Another reason the results aren’t as impressive as made out to be: The threat actors—which Anthropic tracks as GTG-1002—targeted at least 30 organizations, including major technology corporations and government agencies. Of those, only a “small number” of the attacks succeeded. That, in turn, raises questions. Even assuming so much human interaction was eliminated from the process, what good is that when the success rate is so low? Would the number of successes have increased if the attackers had used more traditional, human-involved methods?

According to Anthropic’s account, the hackers used Claude to orchestrate attacks using readily available open source software and frameworks. These tools have existed for years and are already easy for defenders to detect. Anthropic didn’t detail the specific techniques, tooling, or exploitation that occurred in the attacks, but so far, there’s no indication that the use of AI made them more potent or stealthy than more traditional techniques.

“The threat actors aren’t inventing something new here,” independent researcher Kevin Beaumont said.

Even Anthropic noted “an important limitation” in its findings:

Claude frequently overstated findings and occasionally fabricated data during autonomous operations, claiming to have obtained credentials that didn’t work or identifying critical discoveries that proved to be publicly available information. This AI hallucination in offensive security contexts presented challenges for the actor’s operational effectiveness, requiring careful validation of all claimed results. This remains an obstacle to fully autonomous cyberattacks.

How (Anthropic says) the attack unfolded

Anthropic said GTG-1002 developed an autonomous attack framework that used Claude as an orchestration mechanism that largely eliminated the need for human involvement.

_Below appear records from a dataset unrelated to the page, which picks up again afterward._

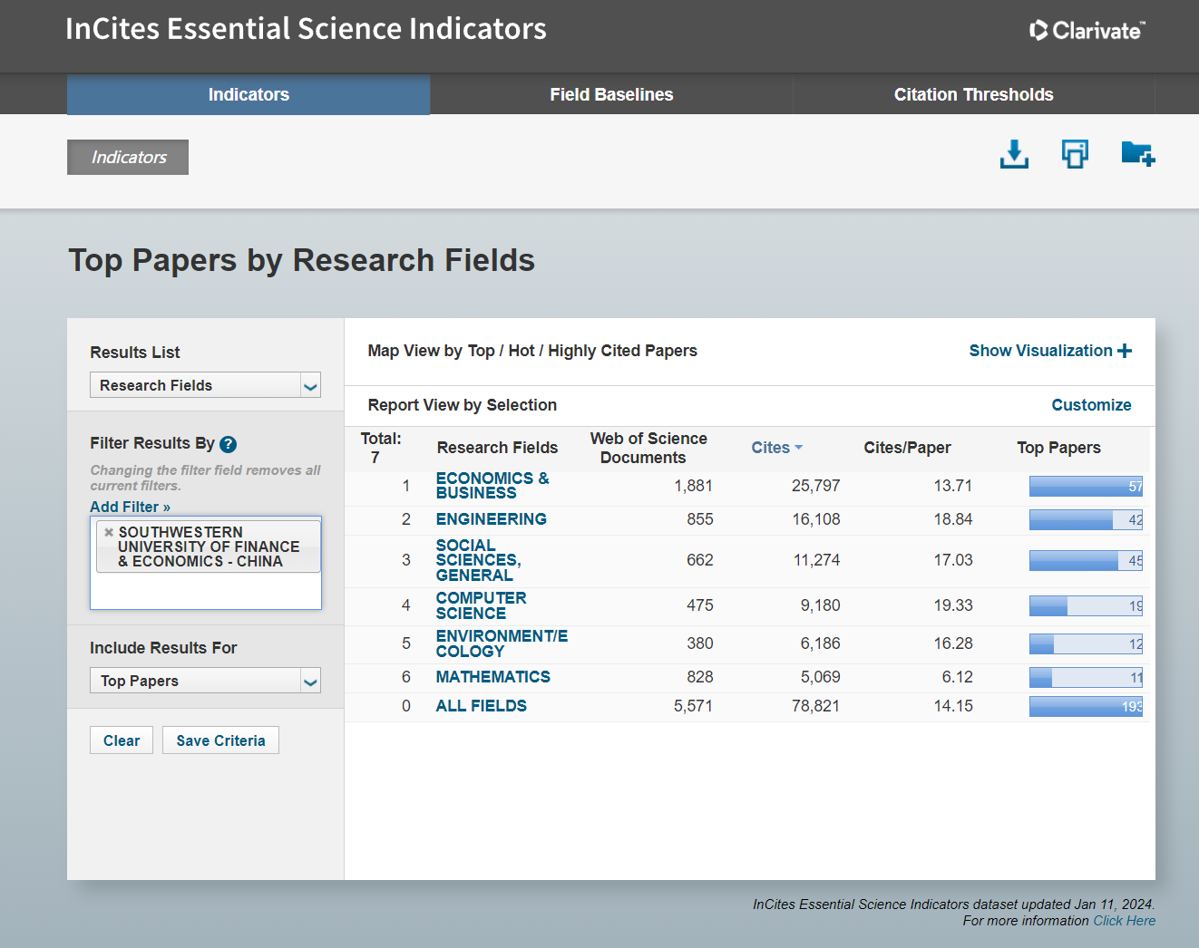 据基本科学指标数据库(Essential Science Indicators,简称ESI)1月11日发布的最新数据显示,西南财经大学数学学科进入ESI全球前1%学科行列,成为学校继“经济学与商学”“工程学”“社会科学总论”“计算机科学”“环境生态学”之后第六个进入ESI全球前1%的学科。
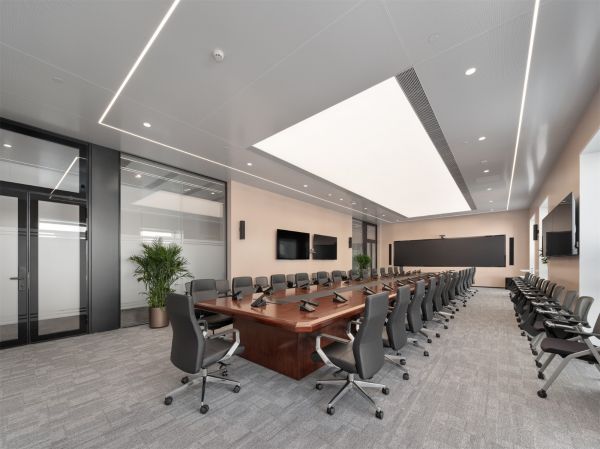会议室延续简约和理性的风格。玉之华会议桌寓意“玉契天成,御临天下”,汲取故宫宝座的造型元素,演绎领导者冷静从容与运筹帷幄,箱体内部可隐藏式走线,令桌面干净整洁。
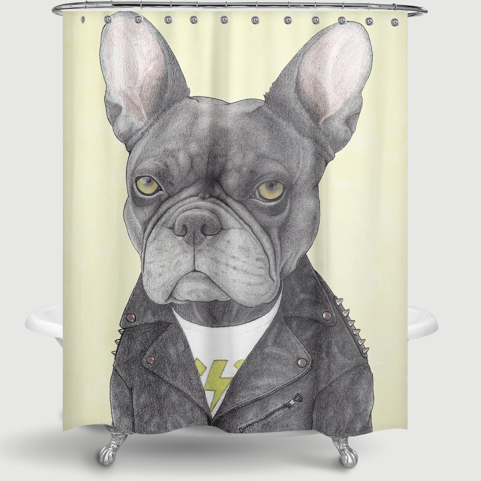 Cortina de Baño Bulldog francés rockero
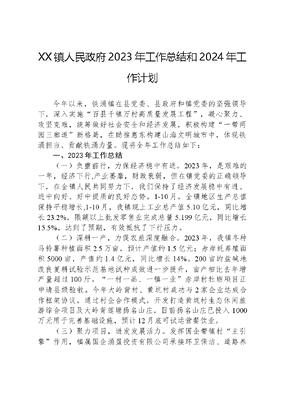 XX镇人民政府2023年工作总结和2024年工作计划.docx
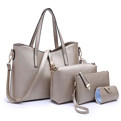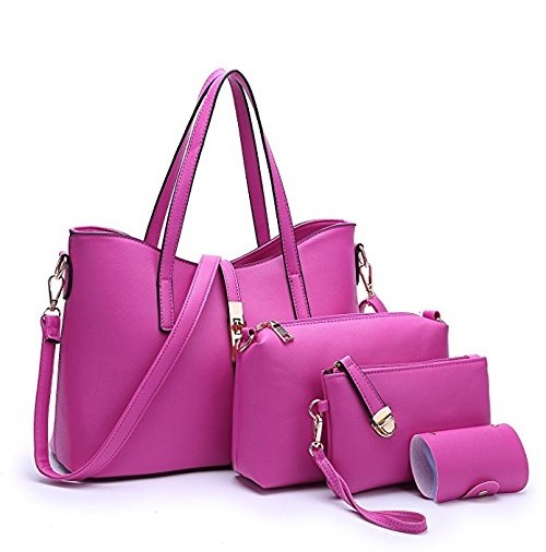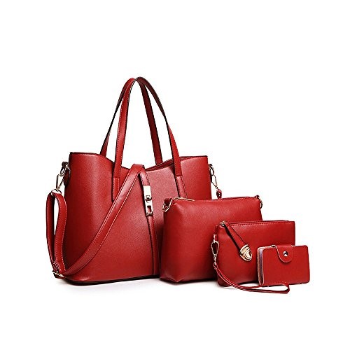 Women Fashion PU Leather Handbag+Shoulder Bag+Purse+Card Holder 4pcs Set Tote Handbag
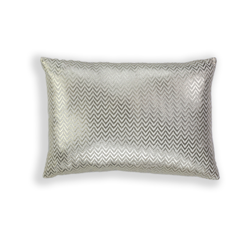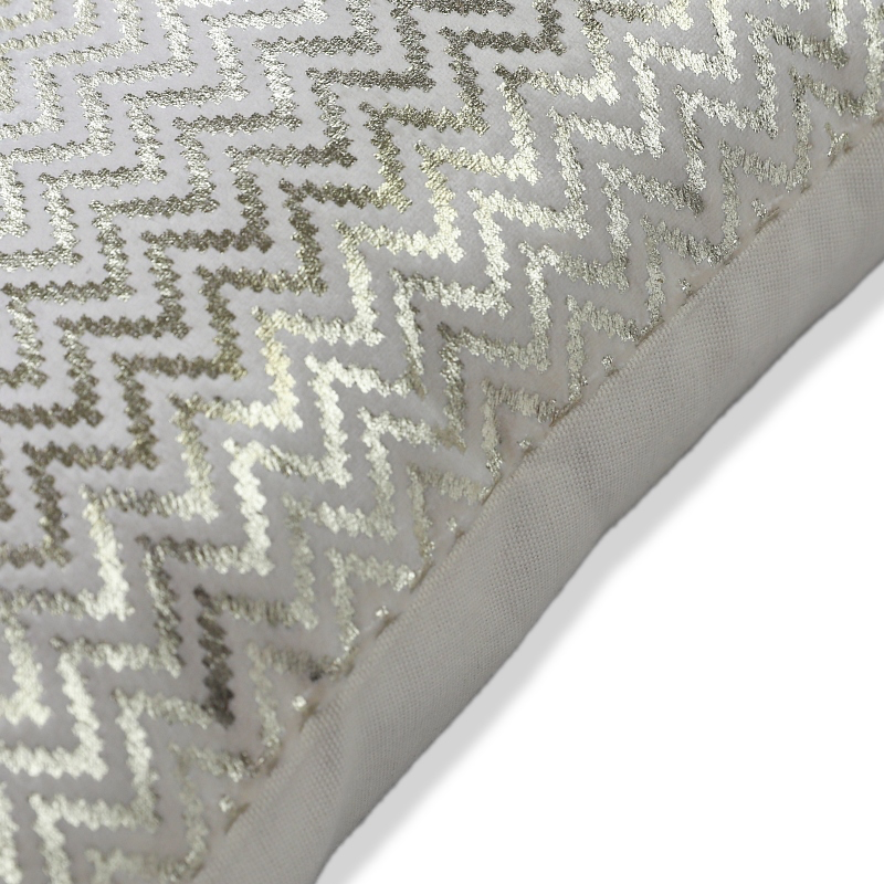Abstract vertical streaks in metallic foil print. Enhanced with hand embroidery / handwork for texture and sparkle. Rich, shimmering look suitable for luxury interiors.
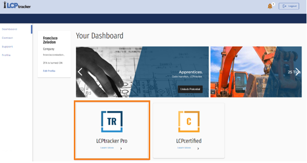 A continuación, se le redirigirá al panel del portal de usuarios. Puede hacer clic en el mosaico LCPtracker Pro para acceder a su cuenta.
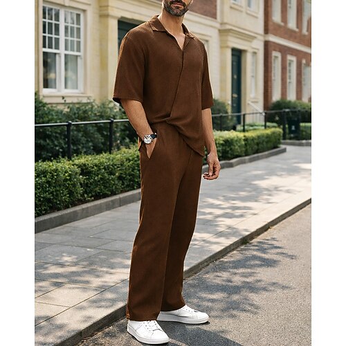 Herren Trainingsanzug Jogginganzug Trainingsanzüge Kordelzug 2 teilig Einfarbig Laufshirt mit Laufhose Sportbekleidungsset Sommer Frühling Schwarz Braun Fitnesstraining Leger Joggen
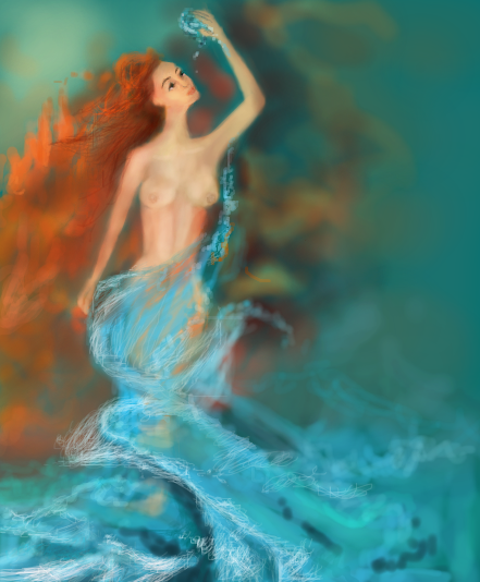 It's nice how the hair take the form of a fire, and descends and slightly fades until it reaches water.
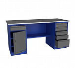 Двухтумбовый. Допустимая нагрузка на столешницу 1000 кг. Опорные элементы выполнены сварными из холоднокатаной стали. Для выполнения сборочных, ремонтных, слесарных, монтажных и других видов работ на производстве, в сервисных центрах, мастерских, гаражах, а также для обучения технологии в учебных заведениях. Комплектуется полкой-стенкой, расположенной под столешницей для удобного размещения габаритного инструмента и оснастки. Размеры верстака: 855x1796x696 мм. Вес: 132 кг. Поставляется в 4 комплектациях на выбор.
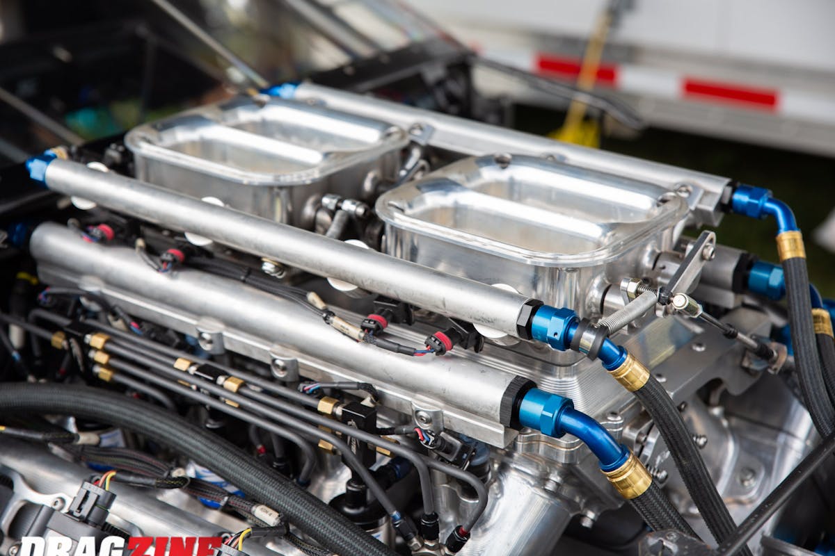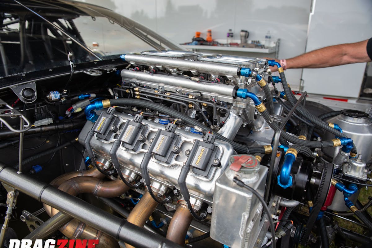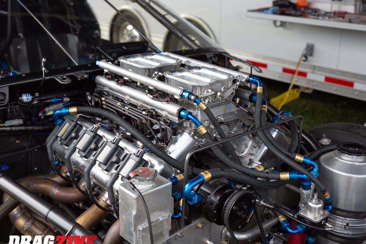 “Every other engine combination has better heads and intakes available, that’s why we had the billet parts made for the top end of the engine. Trying to make this thing live so far has been a challenge, so we had to move to a dry sump oil system to help the bearings survive. Since we’re running a 499 cubic-inch small-block we only have to weigh 2,400-pounds with a five-speed transmission. After we get the combo figured out it should run in the 4-teens no problem,” Allen explains.

This orchestration system broke complex multi-stage attacks into smaller technical tasks such as vulnerability scanning, credential validation, data extraction, and lateral movement.

“The architecture incorporated Claude’s technical capabilities as an execution engine within a larger automated system, where the AI performed specific technical actions based on the human operators’ instructions while the orchestration logic maintained attack state, managed phase transitions, and aggregated results across multiple sessions,” Anthropic said. “This approach allowed the threat actor to achieve operational scale typically associated with nation-state campaigns while maintaining minimal direct involvement, as the framework autonomously progressed through reconnaissance, initial access, persistence, and data exfiltration phases by sequencing Claude’s responses and adapting subsequent requests based on discovered information.”

The attacks followed a five-phase structure that increased AI autonomy through each one.

The attackers were able to bypass Claude guardrails in part by breaking tasks into small steps that, in isolation, the AI tool didn’t interpret as malicious. In other cases, the attackers couched their inquiries in the context of security professionals trying to use Claude to improve defenses.

As noted last week, AI-developed malware has a long way to go before it poses a real-world threat. There’s no reason to doubt that AI-assisted cyberattacks may one day produce more potent attacks. But the data so far indicates that threat actors—like most others using AI—are seeing mixed results that aren’t nearly as impressive as those in the AI industry claim.